It’s festival season in Northern Maryland, and one of the events we regularly attend is the Bel Air Festival of the Arts. We have our favorite vendors we visit every year, but it’s always fun when we run across someone and something new. You never know what you’ll find, including...3D printing?

As we walked the tent-lined aisles, browsing fine art watercolors and artisan jewelry, I saw a booth that almost looked like it didn’t belong. It was filled with colorful molded objects and what looked suspiciously like a 3D printer. Sure enough, the company is called 3D Connected Printing out of Chevy Chase, Md. (just north of Washington, D.C.).  The booth was filled mostly with holiday objects, both lit and unlit, much as you might find in a Hallmark store. But unlike Hallmark, they’d printed the objects themselves.

This is not a typical print shop. It’s a loose collection of committed enthusiasts selling via Etsy and at local venues and targeting the “prosumer” market. It has eight business-level 3D printers and a team of 12, including 3D modelers and designers.

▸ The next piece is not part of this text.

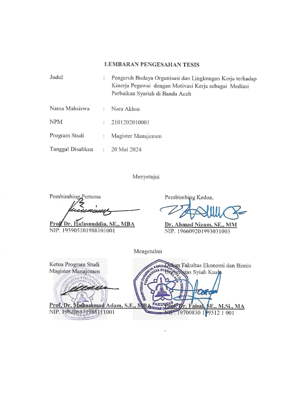 Baca Juga : PENGARUH MOTIVASI KERJA, LINGKUNGAN KERJA, DAN BUDAYA ORGANISASI TERHADAP KINERJA KARYAWAN DAN DAMPAKNYA PADA KINERJA BANK ACEH SYARIAH DI KOTA BANDA ACEH (Fachreza, 2018)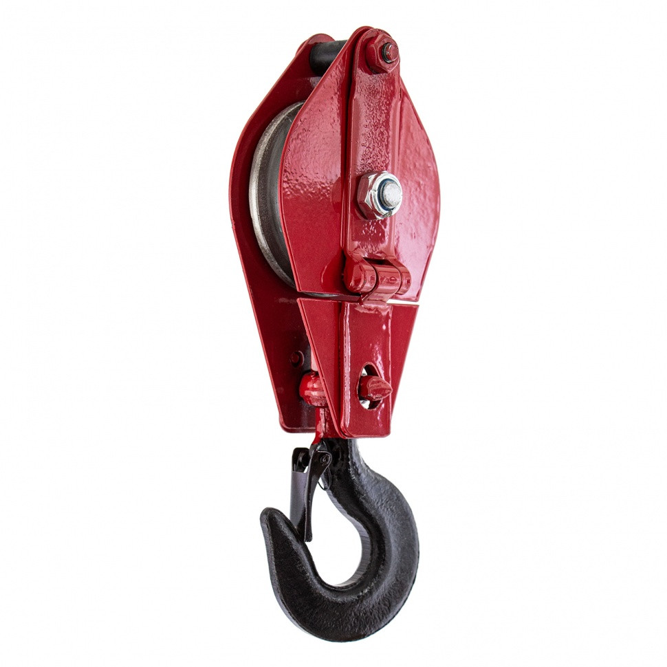 Кованая предохранительная защелка на крюке обеспечивает надежную фиксацию груза.

For consumer sales, their presence made sense. But for business? Then I thought, why not? It reminded me of when commercial printers attend marketing conferences and trade shows. Instead of waiting for the customers to come to you, go to where the customers are. Participating in their events, make yourself present and available (even consider speaking or presenting), so that they are inspired to contact you. Go to local business and Chamber of Commerce events. I still wonder why this is not something printers regularly do.

At PRINT 19, the aisles are lined with vendors that supply tools for every aspect of a printer’s business administration, workflow, and production. Why would we not expect to see the same from printers at marketing conferences? Here are samples of high-speed inkjet. Aren’t these dimensional pieces fun? Touch this piece with our latest specialty coating. Yet, the printer at a marketing show or conference remains the exception rather than the rule.

Ever wonder why this is? “Taking it to the people” works for Big Pharma, with mainstream media ads, complete with disclaimers. It works for politicians, although unfortunately, without the disclaimers. Why not printers? Isn’t that what printers tell their customers when it comes to multichannel marketing? “Put your marketing where the eyeballs are”? Call me crazy, but it seems to me that the same rule applies.  

That’s why it was so interesting to me to see a 3D printer at an art fair. Yes, 3D Connected Printing has an Etsy shop, but they do custom design and printing for businesses, too. What better venue than to display at a high-traffic event that draws people from all over the region? Not just regular people, but business owners. Marketing specialists. Architects. Artists. I would have to hope that the owners of the business anticipated this and had samples of business projects—jewelry prototypes, perhaps, 3D architectural renderings, or any of the types of jobs they might like to receive from the business community. I didn’t get inside the booth (it was busy), but I can hope.

Whether or not this shop had items that targeted the business community, the presence of their booth sparked some interesting questions, and I’d love to hear your thoughts. Have you considered non-traditional marketing venues? If so, what?